Add script

minoskt · minoskt · commit e82f01d99abe · 2019-01-15T17:45:07.000Z
diff --git a/.gitignore b/.gitignore
@@ -102,3 +102,9 @@ venv.bak/
 
 # mypy
 .mypy_cache/
+
+.DS_Store
+
+# data folders
+mobile_phone_use/*
+features/*
diff --git a/extract_features.py b/extract_features.py
@@ -0,0 +1,229 @@
+# Extract features from MPU dataset:
+# https://sites.google.com/view/mobile-phone-use-dataset
+
+import sys
+import os
+import time
+import argparse
+import shutil
+
+import pandas as pd
+# import numpy as np
+
+from tqdm import tqdm
+from datetime import datetime, timedelta
+
+from multiprocessing import Pool, cpu_count
+import traceback
+
+
+##############################################################################################
+# FILE PATHS
+##############################################################################################
+
+GLOBAL_PATH = "."  # The global path that holds the INPUT_DATA and OUTPUT_DATA folders. e.g. '~/Users/<user-name>/Project'.

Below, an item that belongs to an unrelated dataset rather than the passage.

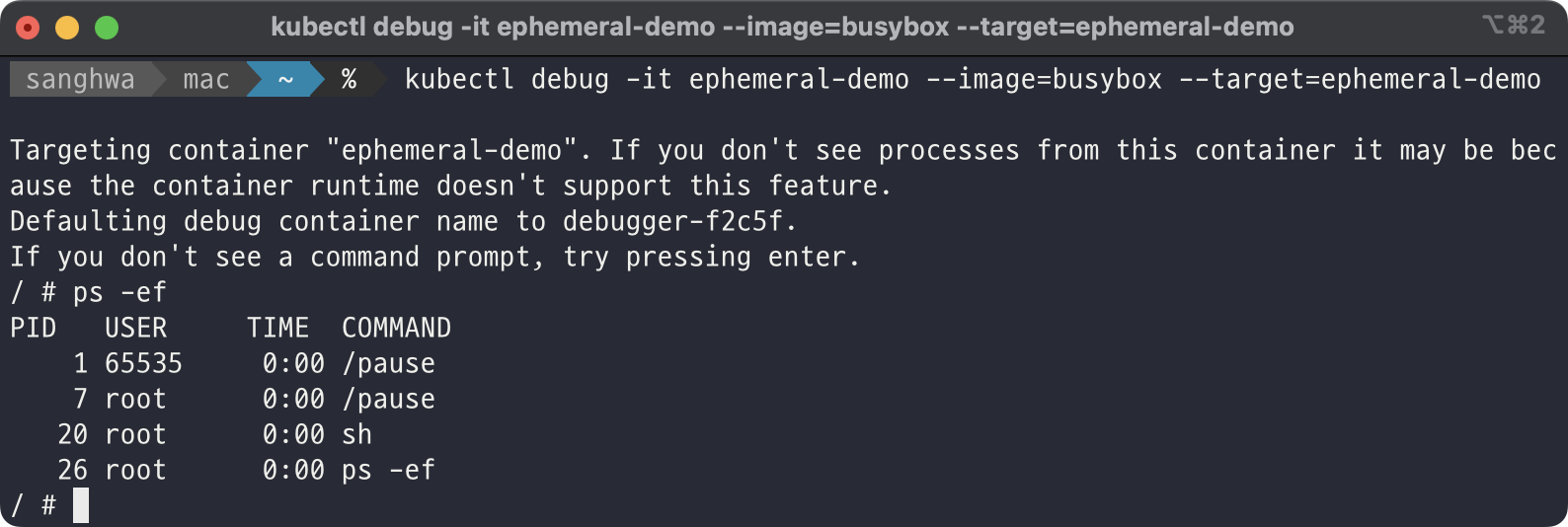 이상으로 Ephemeral Container 사용법에 대해서 알아보았습니다.

+INPUT_DATA = "mobile_phone_use"  # The MPU dataset folder
+OUTPUT_DATA = "features"  # The folder that will store the extracted features per user
+
+PARTICIPANTS_INFO_FILENAME = "pinfo.csv"  # Should be 'pinfo.csv'
+GT_COLUMN = "Esm_TiredAwake"  # Your Ground Truth column of the Esm sensor event.
+
+
+##############################################################################################
+# METHODS
+##############################################################################################
+
+def extract_features(pinfo, df, ff):
+
+    # This is the place where the feature extraction should happen (per user).

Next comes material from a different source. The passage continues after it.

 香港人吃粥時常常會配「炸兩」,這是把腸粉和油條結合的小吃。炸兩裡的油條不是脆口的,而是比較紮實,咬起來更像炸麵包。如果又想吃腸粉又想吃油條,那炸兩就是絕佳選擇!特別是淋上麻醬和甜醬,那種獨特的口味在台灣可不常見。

+    # 'pinfo' is a dict with the participant's information.
+    # 'df' is the dataframe with the participant's mobile phone use data.
+    # 'ff' is an empty dataframe that will store the features. GT_COLUMN is also copied.
+
+    # This example uses the 'Acc' sensor (Accelerometer) and extracts the
+    # average acceleration of the last measurement before each Esm event.
+    df['Acc_Avg'].fillna(method='backfill', inplace=True)
+    ff['ft_last_acc'] = df['Acc_Avg']
+
+
+def extract_features_per_core(params):
+
+    # unpack parameters
+    pinfo, input_data_path, output_data_path = params
+
+    try:
+        # prepare paths
+        input_file_path = os.path.join(input_data_path, "%s.csv" % pinfo.uuid)
+        output_file_path = os.path.join(output_data_path, "%s.csv" % pinfo.uuid)
+
+        # read data file
+        df = pd.read_csv(input_file_path, low_memory=False)
+
+        # init ff (features dataframe) and set GT
+        ff = df[df.sensor_id == "Esm"][[GT_COLUMN]].copy().dropna()
+
+        # extract features using pinfo, from df to ff.
+        extract_features(pinfo, df, ff)
+
+        # sort columns
+        sorted_columns = sort_columns(ff.columns)
+        ff = ff[sorted_columns]
+
+        # save into csv
+        ff.to_csv(output_file_path, index=False)
+
+        # Status ok
+        return True
+
+    except KeyboardInterrupt:
+        return False
+
+    except Exception:
+        e = sys.exc_info()[0]
+        msg = sys.exc_info()[1]
+        tb = sys.exc_info()[2]
+        message = "exception: %s '%s'" % (e, msg)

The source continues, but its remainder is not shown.